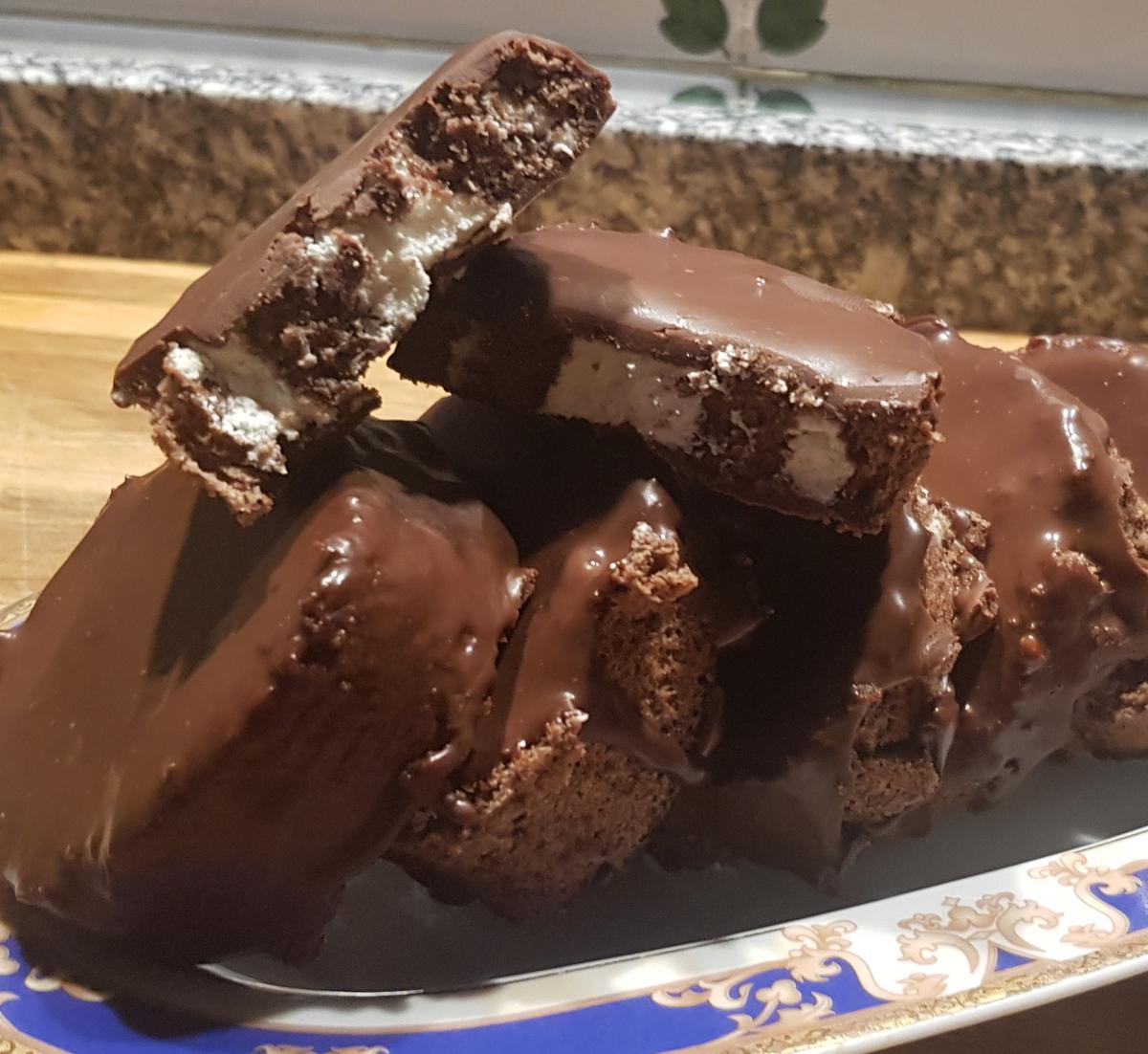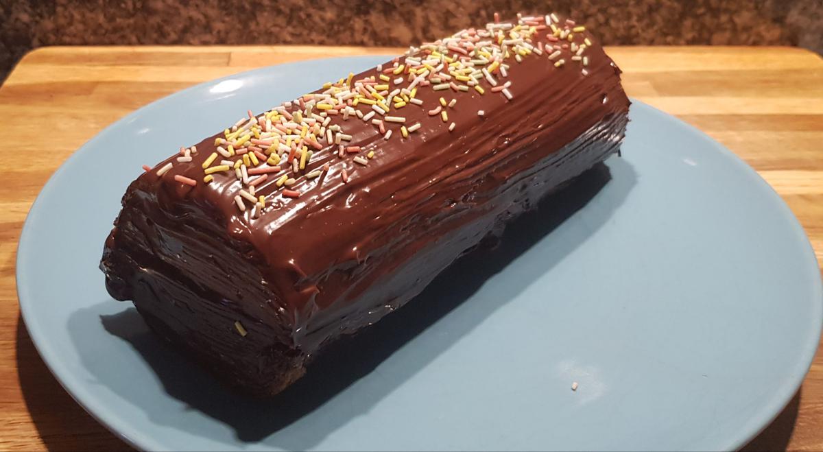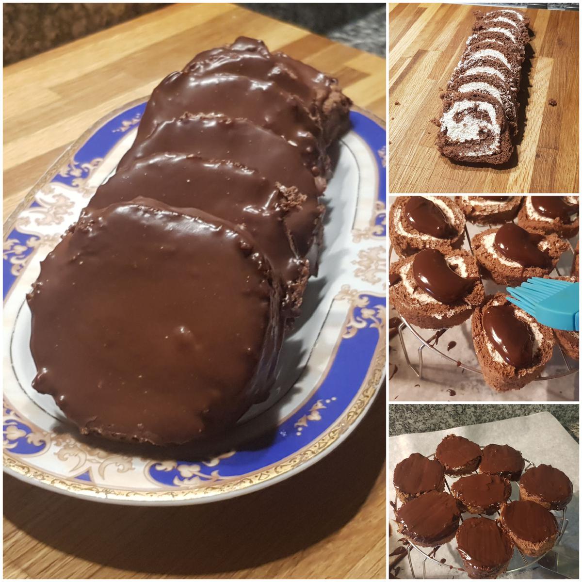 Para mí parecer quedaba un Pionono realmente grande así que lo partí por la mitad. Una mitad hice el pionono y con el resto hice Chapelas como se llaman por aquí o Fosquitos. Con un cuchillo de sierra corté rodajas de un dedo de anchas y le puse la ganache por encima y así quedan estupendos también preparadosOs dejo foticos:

* * *

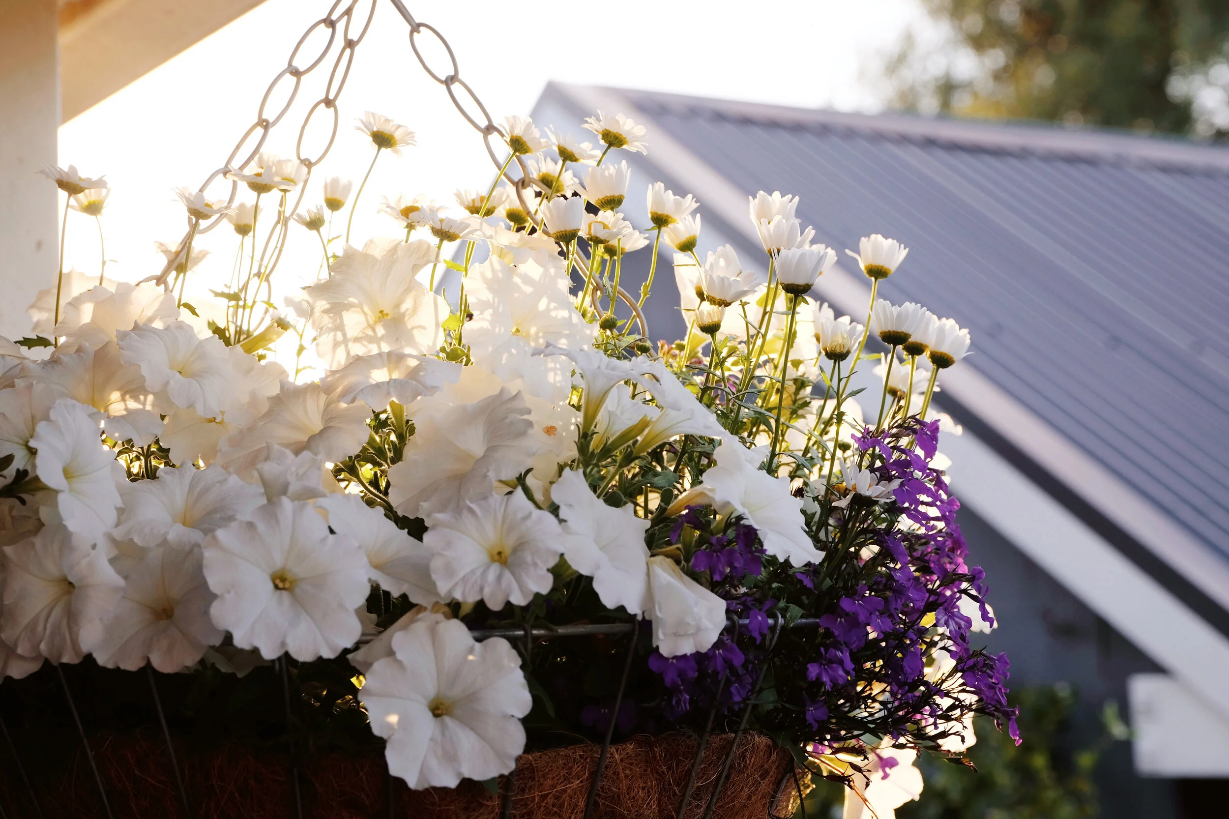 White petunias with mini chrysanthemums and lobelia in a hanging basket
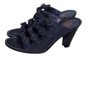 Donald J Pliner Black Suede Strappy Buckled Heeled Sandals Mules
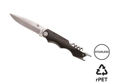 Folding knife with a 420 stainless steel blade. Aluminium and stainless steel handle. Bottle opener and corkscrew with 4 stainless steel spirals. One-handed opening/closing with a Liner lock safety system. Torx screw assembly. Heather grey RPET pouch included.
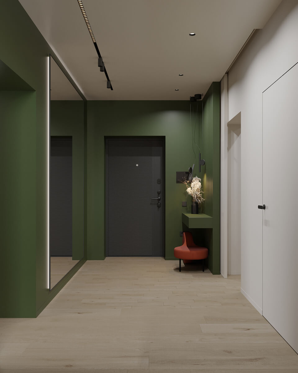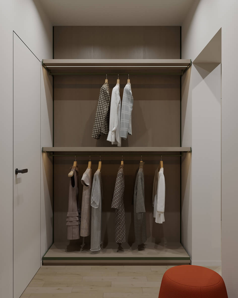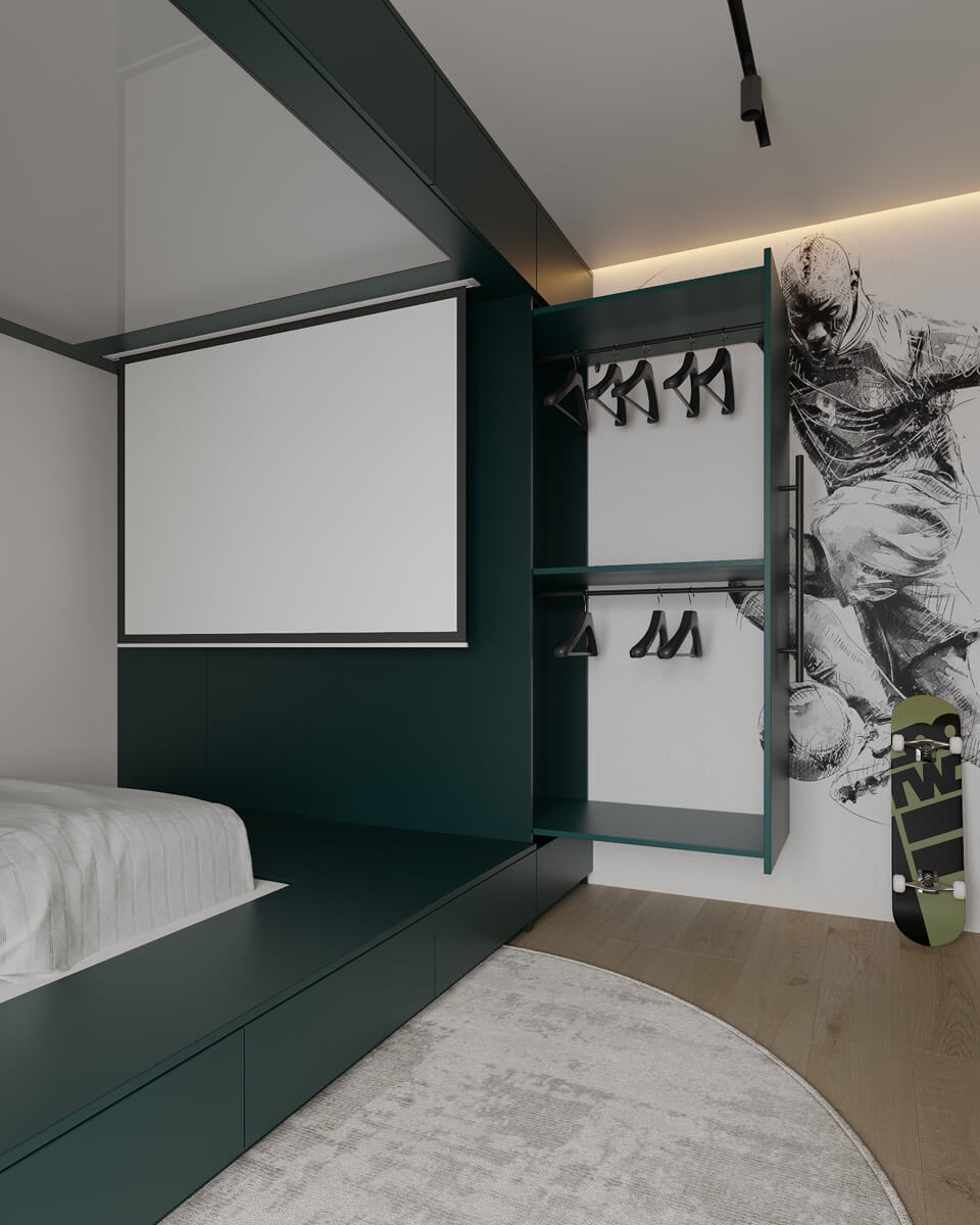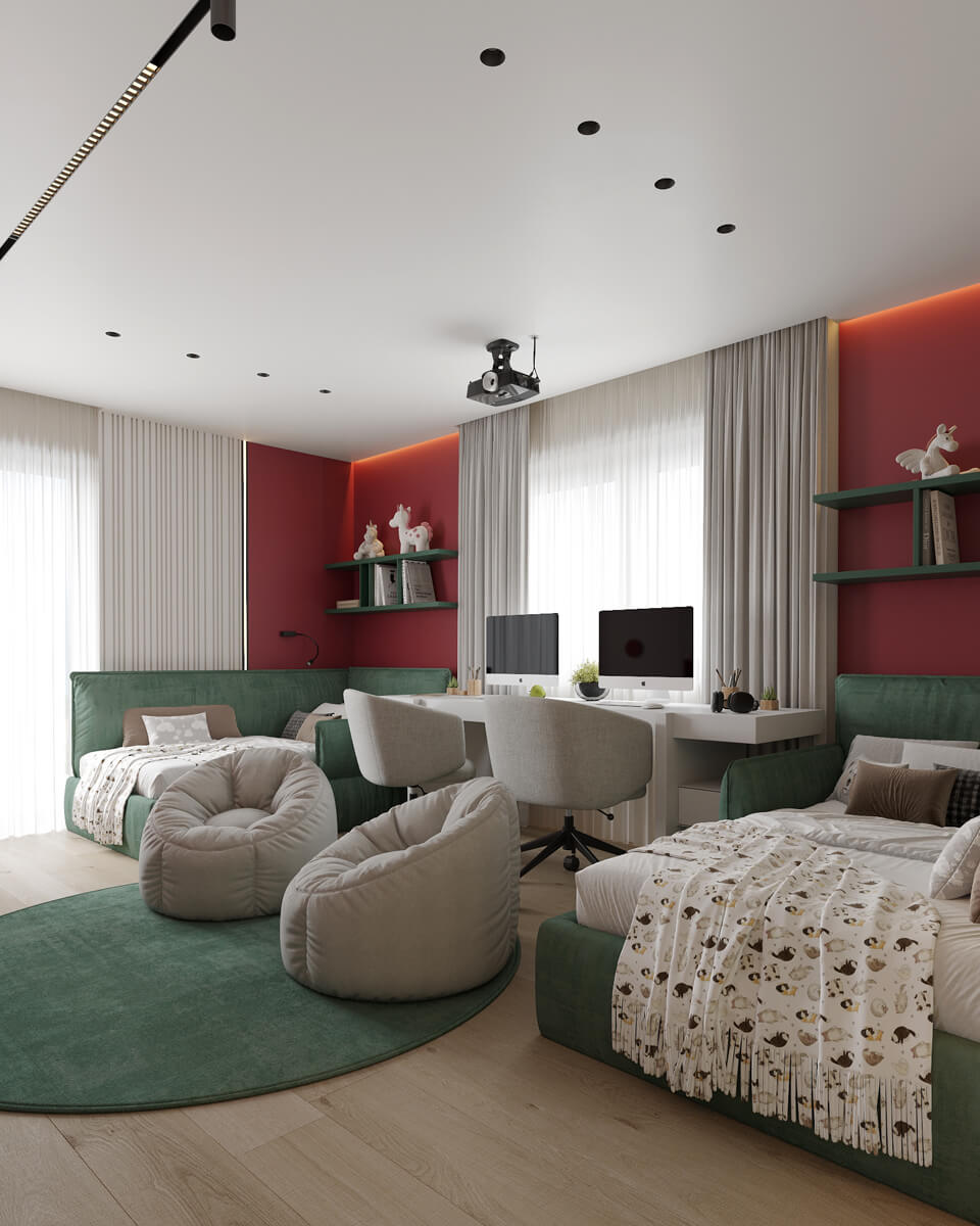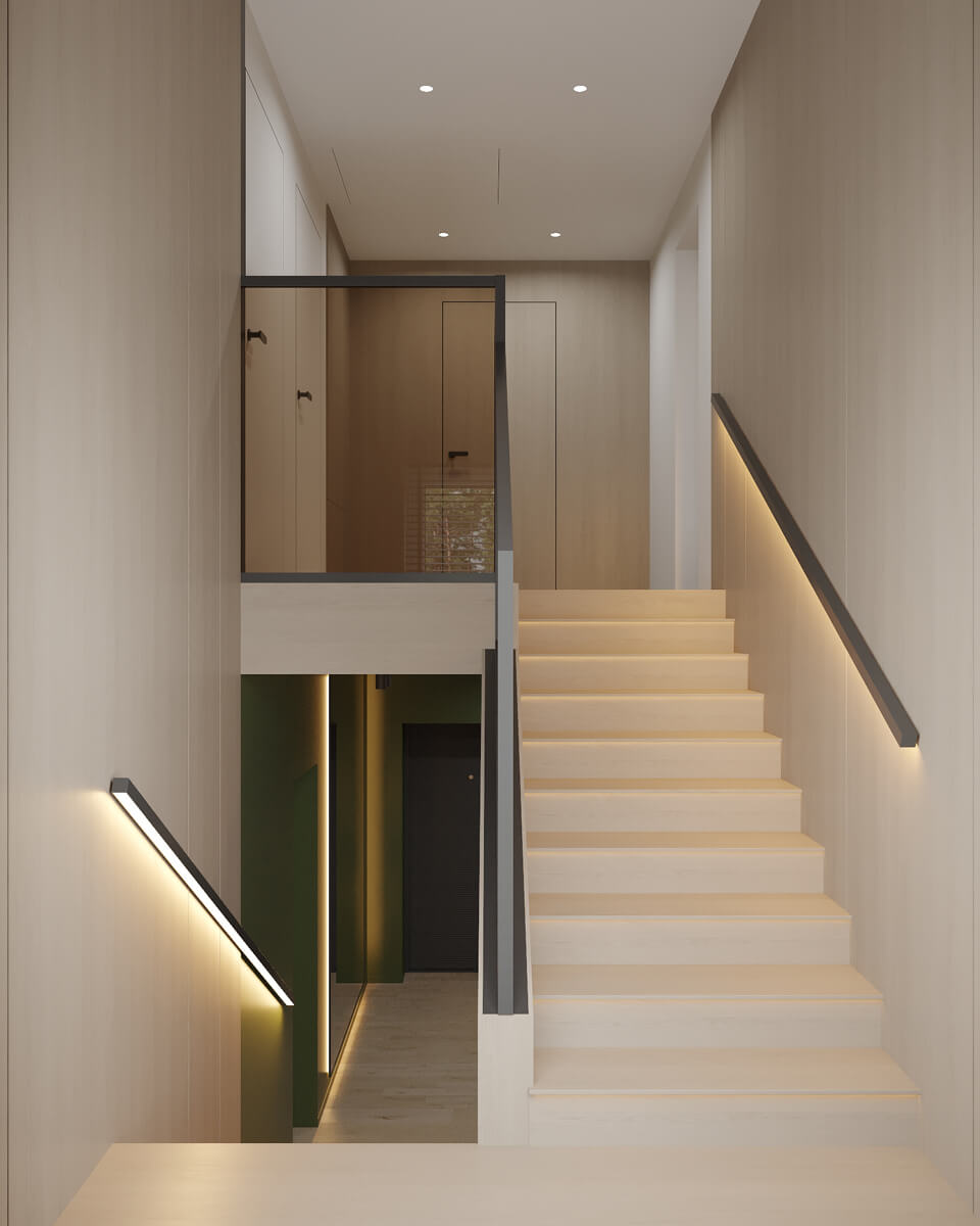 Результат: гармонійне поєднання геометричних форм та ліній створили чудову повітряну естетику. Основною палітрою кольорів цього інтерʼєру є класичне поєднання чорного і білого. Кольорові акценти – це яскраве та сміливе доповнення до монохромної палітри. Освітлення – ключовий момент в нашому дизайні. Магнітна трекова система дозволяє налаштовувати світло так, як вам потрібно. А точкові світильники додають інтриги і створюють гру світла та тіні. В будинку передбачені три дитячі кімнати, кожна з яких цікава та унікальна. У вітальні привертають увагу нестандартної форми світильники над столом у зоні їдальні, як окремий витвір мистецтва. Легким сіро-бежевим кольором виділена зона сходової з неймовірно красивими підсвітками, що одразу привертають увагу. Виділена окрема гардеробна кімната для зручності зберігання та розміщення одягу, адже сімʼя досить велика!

*Task goal*. Among the entries above, copy exactly the stretch from the line holding "White petunias with" through the line holding "Folding knife with", leaving out any pictures.

*Task output*.
 White petunias with mini chrysanthemums and lobelia in a hanging basket
 Donald J Pliner Black Suede Strappy Buckled Heeled Sandals Mules
 Folding knife with a 420 stainless steel blade. Aluminium and stainless steel handle. Bottle opener and corkscrew with 4 stainless steel spirals. One-handed opening/closing with a Liner lock safety system. Torx screw assembly. Heather grey RPET pouch included.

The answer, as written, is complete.